Down to the last line, transcribe the records verbatim and exclude the images.

DATA RECORDS Start Marker

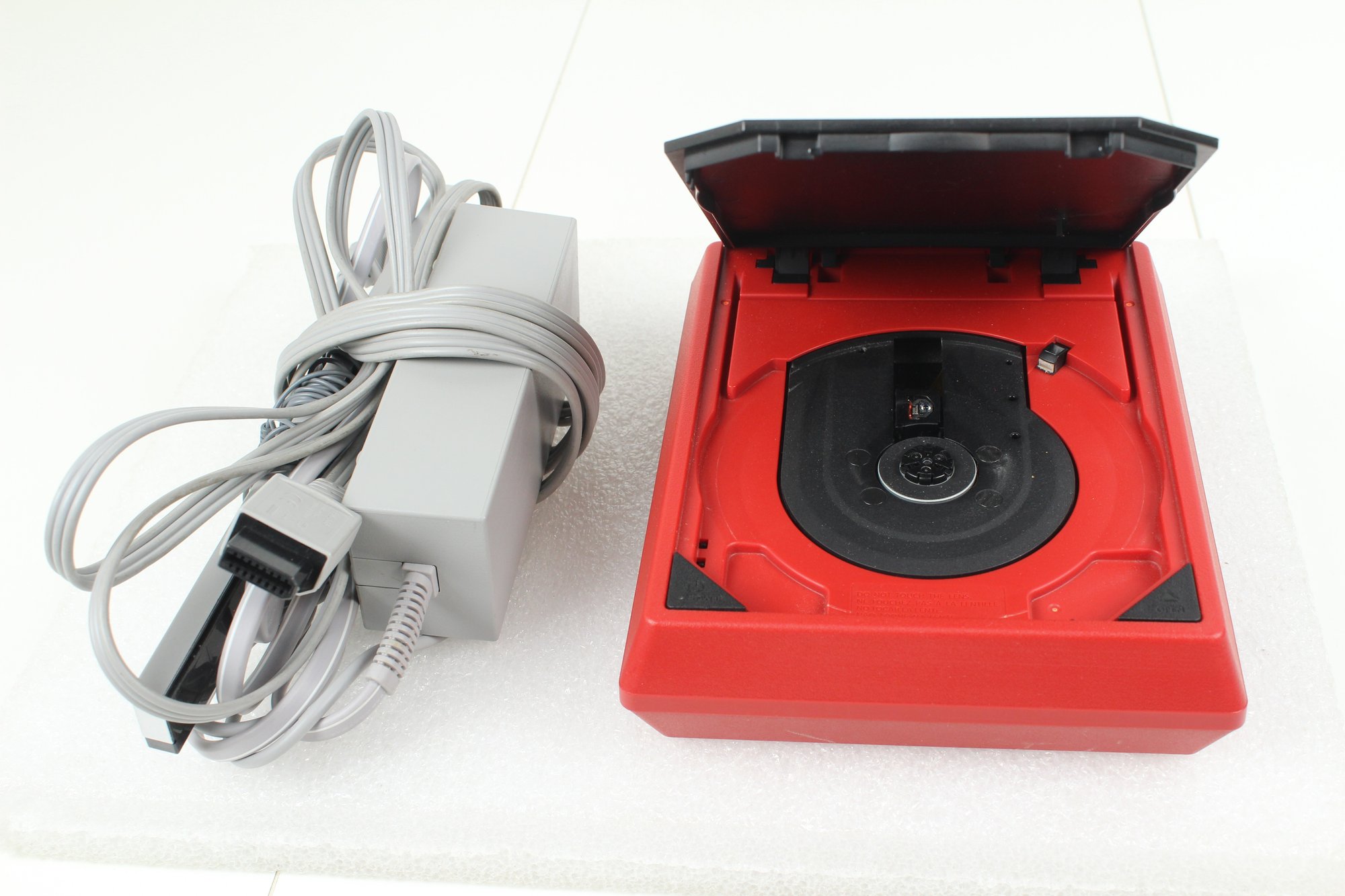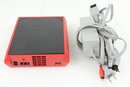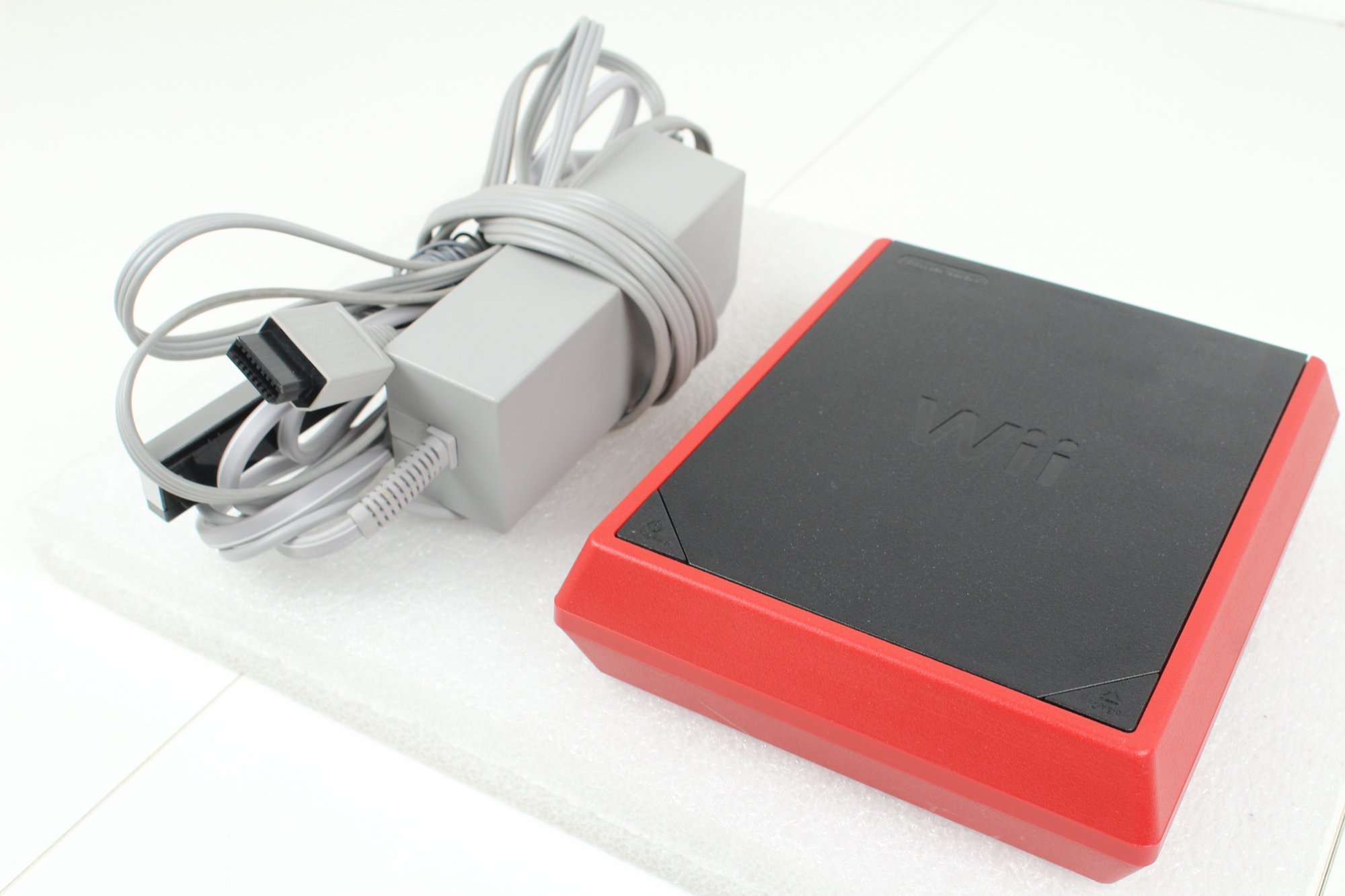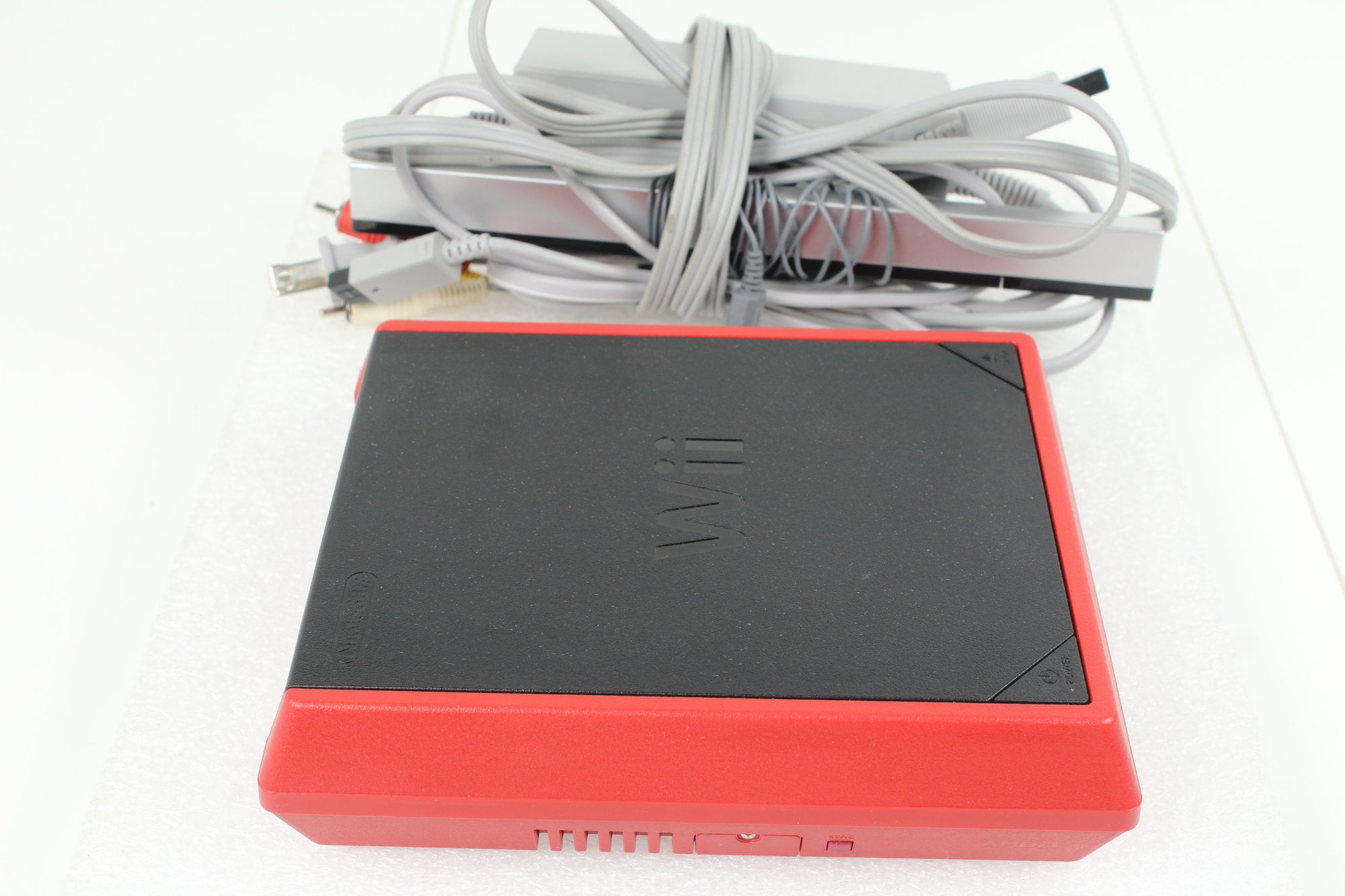 Red and Black Nintendo Wii. Plays games, connects to controllers. The disc drive is a little noisy but it does play games fine. Includes AV, power and sensor bar. Does not include any controllers
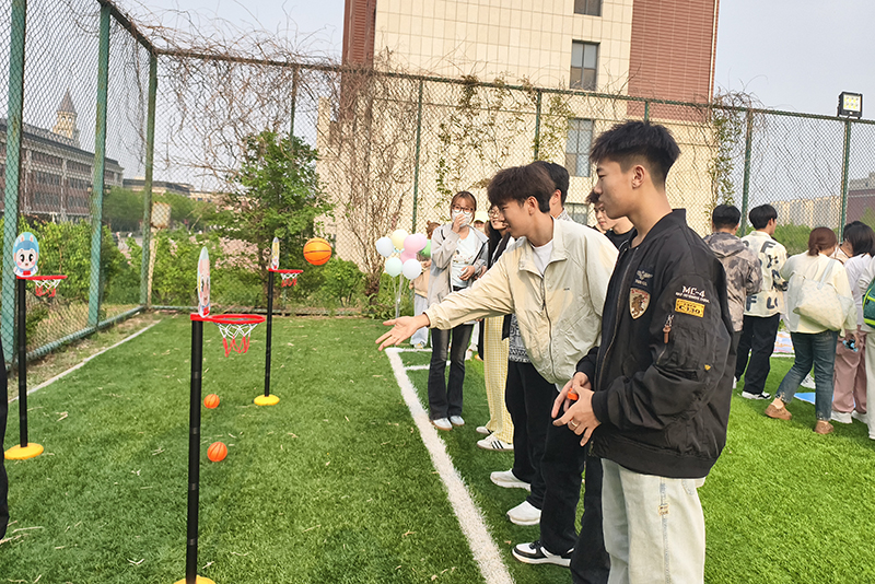 “投走烦恼”环节,同学们走上投掷线,每人一次机会,需将五个球投入三个篮球筐中。当球准确落入筐内,便可赢得一份精美小礼物,有的同学表示,在球投出的那一刻,感觉自己好像卸下来很多的压力,特别的轻松。
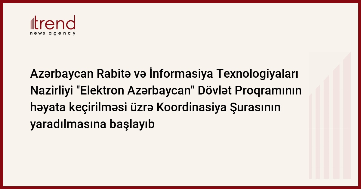 Azərbaycan Rabitə və İnformasiya Texnologiyaları Nazirliyi "2010-2012-ci illərdə Azərbaycanda rabitə və informasiya texnologiyalarının inkişafı üzrə Dövlət Proqramının (Elektron Azərbaycan)" həyata keçirilməsi üzrə koordinasiya şurasının yaradılması məsələsini nəzərdən keçirməyə başlayır. Bu barədə çərşənbə günü Azərbaycan Rabitə və İnformasiya Texnologiyaları Nazirliyinin mətbuat xidmətinin rəhbəri Müşfiq Əmirov deyib.
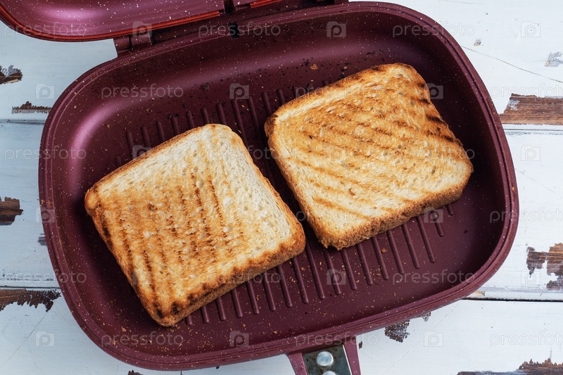 Два поджаренных кусочка хлеба на сковороде-гриль. Крупный план
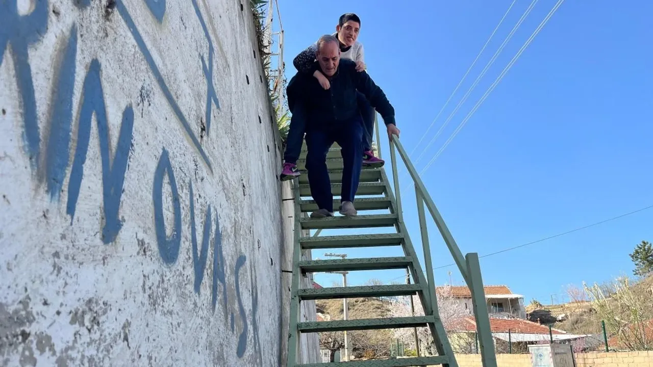 Ayağındaki platine rağmen kızını merdivenlerden sırtında indirip çıkardığını belirten 73 yaşındaki baba şöyle devam etti; “Sırtıma alıp indiriyorum. Biraz önce merdivenlerde de gördünüz. Kızım, aktif olarak okuluna gidiyor. Yoksa gündüz akşam bizi bırakmıyor. Okula götürüp getiriyoruz, araba da aşağı da duruyor, mecbur indiriyoruz. Arabası alıp getirip götürüyor. Böyle geçinip gidiyoruz. Benim ayağımda da platin var, ameliyat oldum. Hanımın da her iki dizinde platin var. Eskişehir Şehir Hastanesi’nde 2 sene ameliyat oldu o da. Benim yaşım 73, hanım 75 yaşında. Gidip geliyoruz, başka çaremiz yok. Artık belediyenin bize yapacağı bir babalık yani başka bir şey değil.”

DATA RECORDS End Marker

ANSWER FOR THIS EXERCISE:
 Red and Black Nintendo Wii. Plays games, connects to controllers. The disc drive is a little noisy but it does play games fine. Includes AV, power and sensor bar. Does not include any controllers
 “投走烦恼”环节,同学们走上投掷线,每人一次机会,需将五个球投入三个篮球筐中。当球准确落入筐内,便可赢得一份精美小礼物,有的同学表示,在球投出的那一刻,感觉自己好像卸下来很多的压力,特别的轻松。
 Azərbaycan Rabitə və İnformasiya Texnologiyaları Nazirliyi "2010-2012-ci illərdə Azərbaycanda rabitə və informasiya texnologiyalarının inkişafı üzrə Dövlət Proqramının (Elektron Azərbaycan)" həyata keçirilməsi üzrə koordinasiya şurasının yaradılması məsələsini nəzərdən keçirməyə başlayır. Bu barədə çərşənbə günü Azərbaycan Rabitə və İnformasiya Texnologiyaları Nazirliyinin mətbuat xidmətinin rəhbəri Müşfiq Əmirov deyib.
 Два поджаренных кусочка хлеба на сковороде-гриль. Крупный план
 Ayağındaki platine rağmen kızını merdivenlerden sırtında indirip çıkardığını belirten 73 yaşındaki baba şöyle devam etti; “Sırtıma alıp indiriyorum. Biraz önce merdivenlerde de gördünüz. Kızım, aktif olarak okuluna gidiyor. Yoksa gündüz akşam bizi bırakmıyor. Okula götürüp getiriyoruz, araba da aşağı da duruyor, mecbur indiriyoruz. Arabası alıp getirip götürüyor. Böyle geçinip gidiyoruz. Benim ayağımda da platin var, ameliyat oldum. Hanımın da her iki dizinde platin var. Eskişehir Şehir Hastanesi’nde 2 sene ameliyat oldu o da. Benim yaşım 73, hanım 75 yaşında. Gidip geliyoruz, başka çaremiz yok. Artık belediyenin bize yapacağı bir babalık yani başka bir şey değil.”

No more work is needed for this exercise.